The Crown, episode three

Dec. 10, 1936. Young Elizabeth and Margaret are outside frolicking while their grandmother tells their uncle the Duke of Windsor (Alex Jennings) that he has no right to declare anything to the people because they aren’t his people anymore. George and his family listen as he wishes them well and declares that God save the king.

Elizabeth, in her black mourning clothes, is on her way to the palace but she stops and says goodbye to Philip. She remarks that the house looks good and he seems proud. It’s the first real home he’s ever had he says.

She gets to the palace and is given a schedule by Tommy. She meets briefly with her mother and grandmother about seating at the funeral. They don’t know where to put the Duke of Windsor. They don’t seem pleased he is coming.

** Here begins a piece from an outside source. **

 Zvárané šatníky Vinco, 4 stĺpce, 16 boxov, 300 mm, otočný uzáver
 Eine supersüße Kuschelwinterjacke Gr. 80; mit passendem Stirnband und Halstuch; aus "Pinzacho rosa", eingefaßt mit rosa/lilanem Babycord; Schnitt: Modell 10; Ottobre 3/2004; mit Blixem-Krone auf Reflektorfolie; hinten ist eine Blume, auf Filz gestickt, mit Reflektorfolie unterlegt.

The Duke arrives from America by boat and addresses the press before going to see his mother. She talks about how wonderful George was.

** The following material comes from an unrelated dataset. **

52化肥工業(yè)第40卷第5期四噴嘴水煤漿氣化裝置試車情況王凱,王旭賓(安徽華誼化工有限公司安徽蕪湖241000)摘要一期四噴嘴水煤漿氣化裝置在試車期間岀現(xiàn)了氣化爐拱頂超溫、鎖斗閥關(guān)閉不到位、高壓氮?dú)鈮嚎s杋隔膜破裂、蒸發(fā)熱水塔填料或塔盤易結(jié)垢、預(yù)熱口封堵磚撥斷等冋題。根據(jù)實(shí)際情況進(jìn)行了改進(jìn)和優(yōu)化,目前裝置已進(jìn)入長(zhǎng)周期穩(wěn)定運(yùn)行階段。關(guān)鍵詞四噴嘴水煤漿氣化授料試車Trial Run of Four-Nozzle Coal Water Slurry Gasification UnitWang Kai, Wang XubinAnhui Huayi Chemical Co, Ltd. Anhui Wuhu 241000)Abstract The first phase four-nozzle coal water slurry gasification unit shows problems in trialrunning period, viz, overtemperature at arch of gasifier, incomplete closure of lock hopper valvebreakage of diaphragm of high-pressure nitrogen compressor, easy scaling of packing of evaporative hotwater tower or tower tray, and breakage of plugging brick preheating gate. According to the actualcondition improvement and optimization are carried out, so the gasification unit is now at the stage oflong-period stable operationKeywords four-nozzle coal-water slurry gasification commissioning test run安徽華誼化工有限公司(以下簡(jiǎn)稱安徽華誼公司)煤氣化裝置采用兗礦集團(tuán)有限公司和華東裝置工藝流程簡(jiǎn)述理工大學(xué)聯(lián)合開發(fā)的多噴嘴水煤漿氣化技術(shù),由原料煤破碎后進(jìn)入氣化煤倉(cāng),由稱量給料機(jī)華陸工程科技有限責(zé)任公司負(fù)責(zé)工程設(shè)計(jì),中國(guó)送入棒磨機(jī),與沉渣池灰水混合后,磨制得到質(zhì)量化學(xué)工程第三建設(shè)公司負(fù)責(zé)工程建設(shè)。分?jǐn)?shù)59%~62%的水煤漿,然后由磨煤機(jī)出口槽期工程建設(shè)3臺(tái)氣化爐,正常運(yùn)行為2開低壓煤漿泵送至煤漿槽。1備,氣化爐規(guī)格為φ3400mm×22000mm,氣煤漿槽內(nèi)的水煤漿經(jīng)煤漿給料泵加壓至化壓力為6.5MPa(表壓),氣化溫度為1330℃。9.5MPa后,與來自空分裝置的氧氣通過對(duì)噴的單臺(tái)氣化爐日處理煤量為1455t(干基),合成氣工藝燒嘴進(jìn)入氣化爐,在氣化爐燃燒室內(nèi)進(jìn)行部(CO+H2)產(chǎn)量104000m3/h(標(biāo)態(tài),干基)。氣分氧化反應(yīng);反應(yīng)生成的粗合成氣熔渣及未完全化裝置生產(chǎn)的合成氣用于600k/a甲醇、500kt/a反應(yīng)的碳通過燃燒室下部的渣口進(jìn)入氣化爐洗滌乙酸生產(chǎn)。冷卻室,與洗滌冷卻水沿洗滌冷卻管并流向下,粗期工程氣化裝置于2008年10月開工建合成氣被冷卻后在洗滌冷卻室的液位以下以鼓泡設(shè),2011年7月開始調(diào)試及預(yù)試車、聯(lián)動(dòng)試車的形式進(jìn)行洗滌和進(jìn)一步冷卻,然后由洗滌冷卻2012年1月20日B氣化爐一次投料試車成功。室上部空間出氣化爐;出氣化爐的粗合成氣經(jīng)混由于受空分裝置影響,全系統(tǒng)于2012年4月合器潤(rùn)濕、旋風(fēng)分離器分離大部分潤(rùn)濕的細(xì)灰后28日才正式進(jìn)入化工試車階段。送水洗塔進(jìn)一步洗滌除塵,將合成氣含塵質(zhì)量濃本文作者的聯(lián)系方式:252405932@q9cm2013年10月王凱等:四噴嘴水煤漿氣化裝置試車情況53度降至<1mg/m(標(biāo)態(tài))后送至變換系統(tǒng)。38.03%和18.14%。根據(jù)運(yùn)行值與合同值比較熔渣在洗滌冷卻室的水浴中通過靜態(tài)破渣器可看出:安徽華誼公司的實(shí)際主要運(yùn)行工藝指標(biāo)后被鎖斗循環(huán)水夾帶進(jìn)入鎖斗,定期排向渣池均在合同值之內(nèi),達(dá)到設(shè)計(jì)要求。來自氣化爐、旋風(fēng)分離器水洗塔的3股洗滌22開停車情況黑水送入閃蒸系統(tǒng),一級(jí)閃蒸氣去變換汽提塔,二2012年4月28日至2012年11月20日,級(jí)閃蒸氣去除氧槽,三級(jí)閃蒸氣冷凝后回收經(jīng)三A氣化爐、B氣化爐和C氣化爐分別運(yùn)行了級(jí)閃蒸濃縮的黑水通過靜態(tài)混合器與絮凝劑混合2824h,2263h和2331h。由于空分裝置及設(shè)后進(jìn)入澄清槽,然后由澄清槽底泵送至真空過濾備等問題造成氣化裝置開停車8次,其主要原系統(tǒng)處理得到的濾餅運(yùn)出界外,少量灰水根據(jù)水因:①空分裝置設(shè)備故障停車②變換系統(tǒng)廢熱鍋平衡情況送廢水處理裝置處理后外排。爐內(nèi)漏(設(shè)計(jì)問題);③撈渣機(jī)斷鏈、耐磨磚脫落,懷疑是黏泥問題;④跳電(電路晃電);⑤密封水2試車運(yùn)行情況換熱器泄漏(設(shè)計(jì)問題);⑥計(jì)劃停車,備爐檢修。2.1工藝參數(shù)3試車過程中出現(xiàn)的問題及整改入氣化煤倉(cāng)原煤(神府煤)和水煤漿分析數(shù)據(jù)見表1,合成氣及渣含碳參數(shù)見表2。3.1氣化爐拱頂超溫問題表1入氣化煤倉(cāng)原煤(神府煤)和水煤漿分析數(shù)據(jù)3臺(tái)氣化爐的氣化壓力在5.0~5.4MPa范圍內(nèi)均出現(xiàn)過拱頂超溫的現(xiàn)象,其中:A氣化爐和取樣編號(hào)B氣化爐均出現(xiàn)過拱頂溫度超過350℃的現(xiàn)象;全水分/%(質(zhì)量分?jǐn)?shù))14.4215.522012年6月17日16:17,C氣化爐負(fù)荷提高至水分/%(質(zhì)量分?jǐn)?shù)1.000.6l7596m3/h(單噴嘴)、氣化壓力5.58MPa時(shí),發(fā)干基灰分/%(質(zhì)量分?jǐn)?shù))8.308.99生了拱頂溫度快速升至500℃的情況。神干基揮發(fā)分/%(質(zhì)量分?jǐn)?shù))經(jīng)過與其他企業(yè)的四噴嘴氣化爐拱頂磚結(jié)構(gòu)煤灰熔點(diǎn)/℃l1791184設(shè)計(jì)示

Tommy shows Elizabeth into the office and how to sort through the papers. She is later getting ready for a meeting with Churchill while Philip goes over the important issues. He wants to stay in Clarence House and he wants the kids to keep his name. She meets with Churchill and he goes over a few of the finer points of what their interactions will entail before moving on to discuss her coronation.

Elizabeth, Margaret and their mother meet with the Duke and he wants them to come together in grief and perhaps spend some time together otherwise before he departs for New York. Their mother still hates him and wants to cut off his allowance.

He writes back to his wife Wallis Simpson (Lia Williams) about milking the family for all they are worth.

Lord Mountbatten (Greg Wise) hosts a dinner in honor of the late king and the new queen.
Philip is outside teaching Charles how to play ball. A plane is flying around trying to get aerial photographs for a magazine and Elizabeth observes from a window. She has duties to perform.

The Duke complains to his mother about his allowance being cut off. He can’t believe it because he barely makes ends meet as it is. His mother tells him to perhaps take a page from his late brother’s book and learn a bit of frugality. They are interrupted by Prince Ernst von Hannover (Daniel Betts). He comes in and explains the dinner with Lord Mountbatten and how he declared that the royal family would soon have his name.

Peter calls Margaret in to tell her that his wife has left him. She took all of her belongings but he doesn’t plan to push for divorce because he would lose his job. She points out that, someday, he would be able to remarry. They hear someone coming and she hides, but forgets to grab her purse. It’s Philip. He wants to learn to fly and Peter is willing to help him do just that. Philip notices the purse and calls him on it but doesn’t push to know who it belongs to.

Queen Mary (Eileen Atkins), Elizabeth’s grandmother, makes sure that Churchill knows that Elizabeth and Philip intend to keep his last name. He confronts her about it but she fights back. She points out that he’s in her debt because he won’t be ousted by his party while still planning the coronation so she will agree to his delays.

The Duke goes to dine with Churchill and is booed on the ride in. The offers to inform Elizabeth of the cabinet’s decision that she must change the family name and move to the palace. He needs a favor in return. He would like Churchill to put in a good word for his allowance. He also wants a title for his wife. Churchill is willing to help with the first part but not the second.

Elizabeth and Philip go out for a night at the theater. Margaret hurries in to Peter’s office, kisses him and leaves just as quickly.

The Duke joins her for lunch the next day and discusses life and what he does now. He says that since the family didn’t accept the woman he loves, he doesn’t miss it at all. She questions why she never got an apology. She didn’t want this life in the spotlight and he’s the one that forced it upon her. They seem to reach an agreement and that’s when he brings up the name and housing issue.

Philip comes home and talks about taking flying lessons. She sits him down and breaks the news about the name and the living arrangements. He is livid. He says that she took his career and his home and his name from him. He thought they were in this together. He storms out.

The family, including Philip, goes home to Buckingham Palace where Elizabeth declares that her family and descendants will take the name Windsor.

The Duke boards a ship to return to New York.

Has Philip always been that much of a jerk? You signed up for this dude. You don’t get to argue about names and houses and stuff. The Duke should be punched too.